**Your assignment**
Leave the pictures out. Transcribe exactly every line from the start of the records through the one containing "在打开的新页面中找到【强国城】里的点点通进行点击".

(Data records)
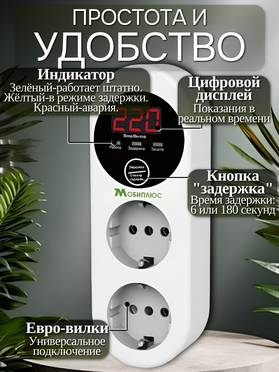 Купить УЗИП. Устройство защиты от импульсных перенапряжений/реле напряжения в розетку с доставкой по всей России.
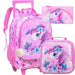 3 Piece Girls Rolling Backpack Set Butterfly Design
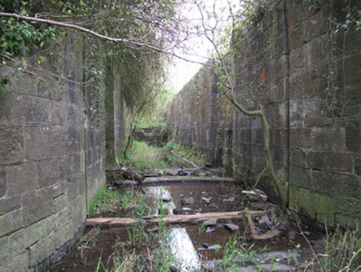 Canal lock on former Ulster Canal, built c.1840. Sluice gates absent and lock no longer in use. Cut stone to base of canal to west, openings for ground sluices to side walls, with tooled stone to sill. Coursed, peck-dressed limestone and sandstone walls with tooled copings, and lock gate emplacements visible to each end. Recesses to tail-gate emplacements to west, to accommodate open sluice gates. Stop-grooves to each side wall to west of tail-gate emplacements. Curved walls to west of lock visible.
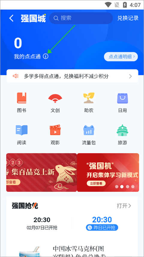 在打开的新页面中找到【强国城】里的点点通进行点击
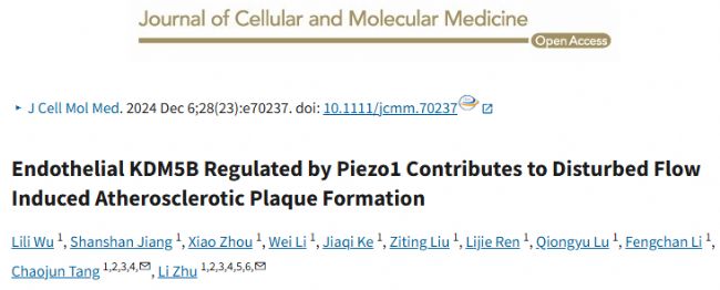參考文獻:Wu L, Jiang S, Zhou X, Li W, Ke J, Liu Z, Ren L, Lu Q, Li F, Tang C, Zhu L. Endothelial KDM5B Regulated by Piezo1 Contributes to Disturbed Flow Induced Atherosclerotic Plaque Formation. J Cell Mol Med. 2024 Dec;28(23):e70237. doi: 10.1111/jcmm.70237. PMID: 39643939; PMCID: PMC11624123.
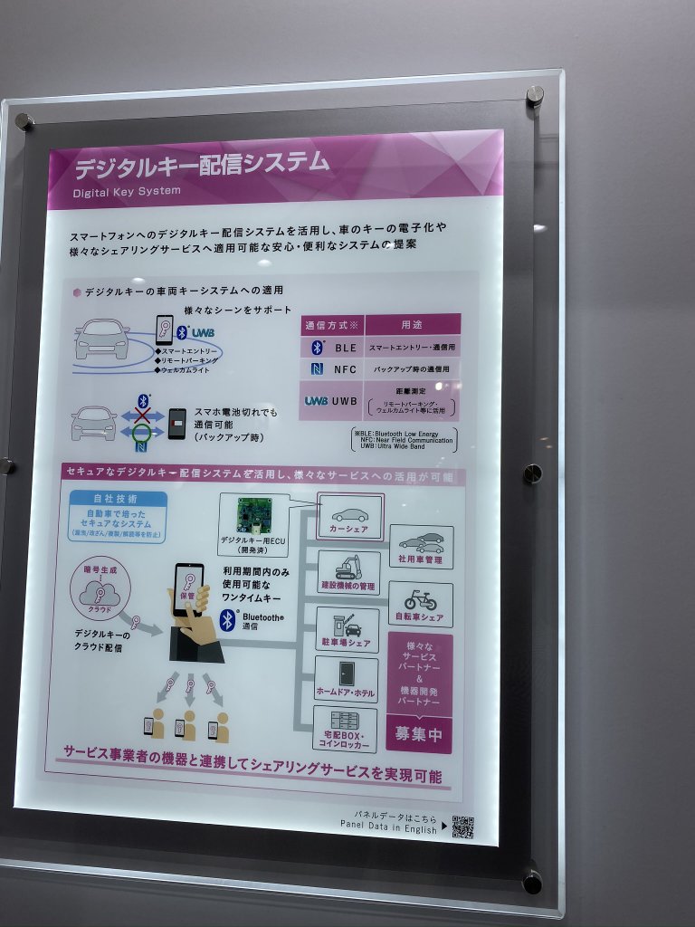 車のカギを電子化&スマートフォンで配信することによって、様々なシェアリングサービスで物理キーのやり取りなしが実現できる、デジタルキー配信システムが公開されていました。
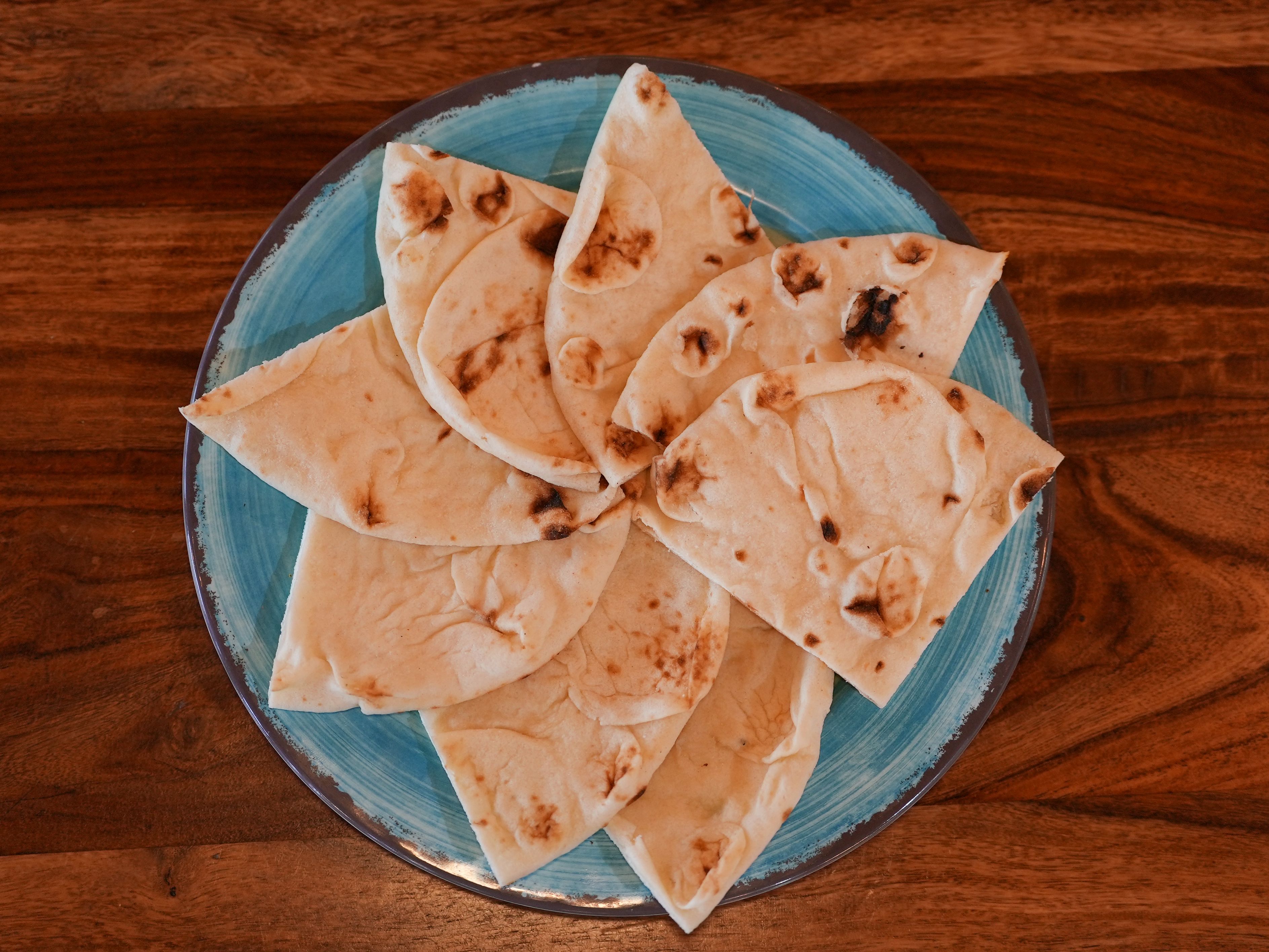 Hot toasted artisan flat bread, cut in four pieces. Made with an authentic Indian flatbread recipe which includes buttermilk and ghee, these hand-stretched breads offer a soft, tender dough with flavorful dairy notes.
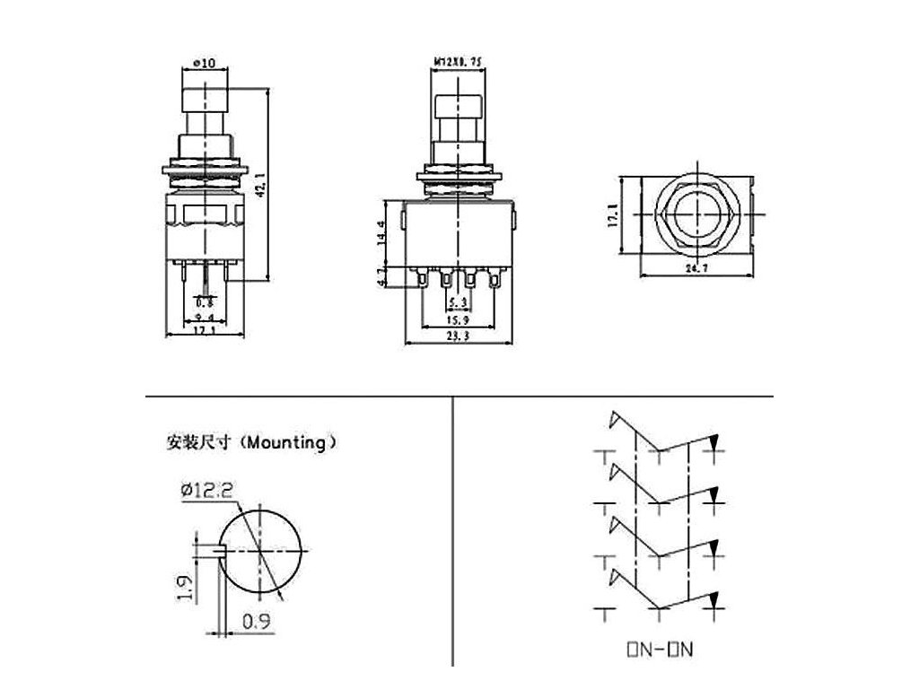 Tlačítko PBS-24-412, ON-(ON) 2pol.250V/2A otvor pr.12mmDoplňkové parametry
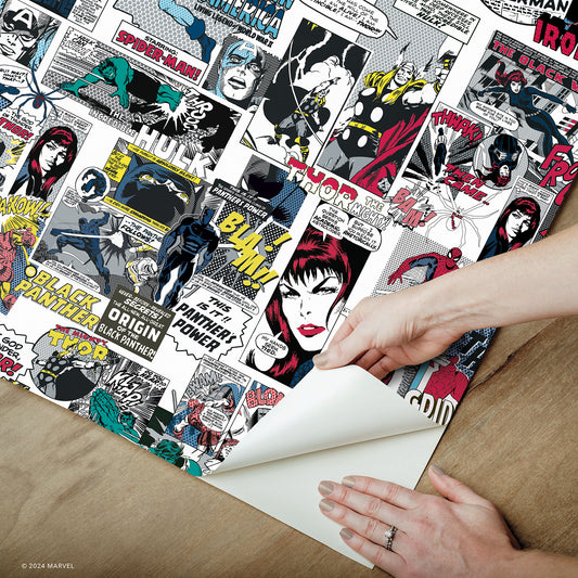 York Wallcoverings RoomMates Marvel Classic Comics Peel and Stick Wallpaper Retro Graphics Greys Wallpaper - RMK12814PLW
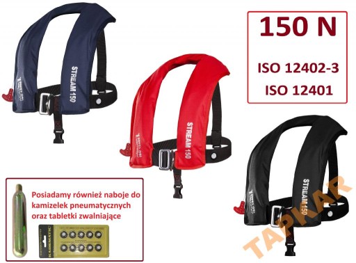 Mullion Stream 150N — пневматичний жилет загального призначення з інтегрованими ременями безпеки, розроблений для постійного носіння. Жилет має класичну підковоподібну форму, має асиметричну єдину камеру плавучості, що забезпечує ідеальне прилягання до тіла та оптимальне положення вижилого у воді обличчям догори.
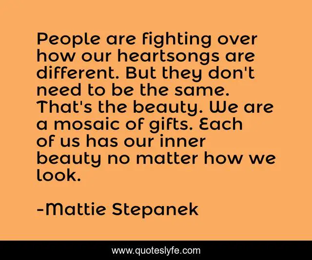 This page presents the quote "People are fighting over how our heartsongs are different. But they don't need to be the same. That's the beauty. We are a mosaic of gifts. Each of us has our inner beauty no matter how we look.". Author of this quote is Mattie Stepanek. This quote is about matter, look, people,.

**Response box**
 Купить УЗИП. Устройство защиты от импульсных перенапряжений/реле напряжения в розетку с доставкой по всей России.
 3 Piece Girls Rolling Backpack Set Butterfly Design
 Canal lock on former Ulster Canal, built c.1840. Sluice gates absent and lock no longer in use. Cut stone to base of canal to west, openings for ground sluices to side walls, with tooled stone to sill. Coursed, peck-dressed limestone and sandstone walls with tooled copings, and lock gate emplacements visible to each end. Recesses to tail-gate emplacements to west, to accommodate open sluice gates. Stop-grooves to each side wall to west of tail-gate emplacements. Curved walls to west of lock visible.
 在打开的新页面中找到【强国城】里的点点通进行点击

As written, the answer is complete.